A partire da settembre 2022 stiamo registrando arrivi numericamente paragonabili al periodo 2014-2017, ovvero che si aggirano attorno ai 150-160 mila persone all’anno. Questa situazione sta spingendo l’Unione Europea nell’azione di esternalizzare le proprie frontiere. Il caso dell’accordo con tra Italia e Albania è un esempio. Roma ha firmato lo scorso 6 novembre, un memorandum d’intensa con Tirana in merito agli sbarchi e all’analisi delle domande di richiesta asilo presentate dagli aventi diritto.

Facciamo il punto con Gino Fontana, esperto di politica internazionale.

Gino Fontana

Gino, innanzitutto, cosa si intende per memorandum d’intesa?

In gergo diplomatico potremmo tradurlo con lettera d’intenti, ovvero un documento dove si riportano e chiariscono le posizioni dei Paesi firmatari, fissando i punti fondamentali per un futuro accordo bilaterale vincolante.

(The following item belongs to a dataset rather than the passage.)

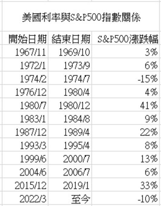 我們統計美國1967年開始升息與S&P500指數資料,發現美國過去(包含2022年這次)升息了12次,只有2次(包含還沒結束的這次)股市是下跌的,其他10次都是上漲的,因此過去歷史告訴我們利率提高,對股票市場更有利;小心為了降低升息導致虧損的機率,反而越避越險。

Ma cosa prevede l’accordo?

Senza addentrarci negli aspetti politici ed economici di tale accordo, il memorandum con l’Albania prevede la creazione di due strutture (gestite da personale italiano e sotto la giurisdizione delle leggi europee ed italiane), per verificare le domande di protezione internazionale o effettuare il rimpatrio, delle persone salvate nel Mediterraneo. Queste due strutture saranno gestite da personale italiano e i relativi costi saranno a carico del nostro Paese.

In questi giorni il dibattito politico è più acceso che mai…

Sì, è molto intenso, sia in Italia che in Albania. Nel nostro Paese, sono sorte polemiche in merito alla tutela e rispetto dei diritti umani. In particolare, l’accordo prevede che solamente gli uomini salvati in mare vengano trasferiti in questi centri. Quale sarà il criterio di selezione degli uomini che entreranno in Italia e quelli che verranno invece inviati nei centri in Albania? Non mancano le discussioni in merito ai costi che l’Italia dovrà sostenere, e, in ultimo, la ratifica in Parlamento dell’accordo.

E in Albania…

Non solo a Roma ma anche a Tirana si è acceso un intenso dibattito. Il premier Edi Rama potrebbe aver violato la Costituzione albanese in quanto prima di concedere, anche una minima parte della sovranità del territorio albanese ad uno Stato terzo, necessiterebbe innanzitutto dell’approvazione del Presidente della Repubblica Albanese Bajram Begaj.

Dicevamo all’inizio che i flussi migratori verso il nostro Paese stanno aumentando: ci sono differenze rispetto al passato?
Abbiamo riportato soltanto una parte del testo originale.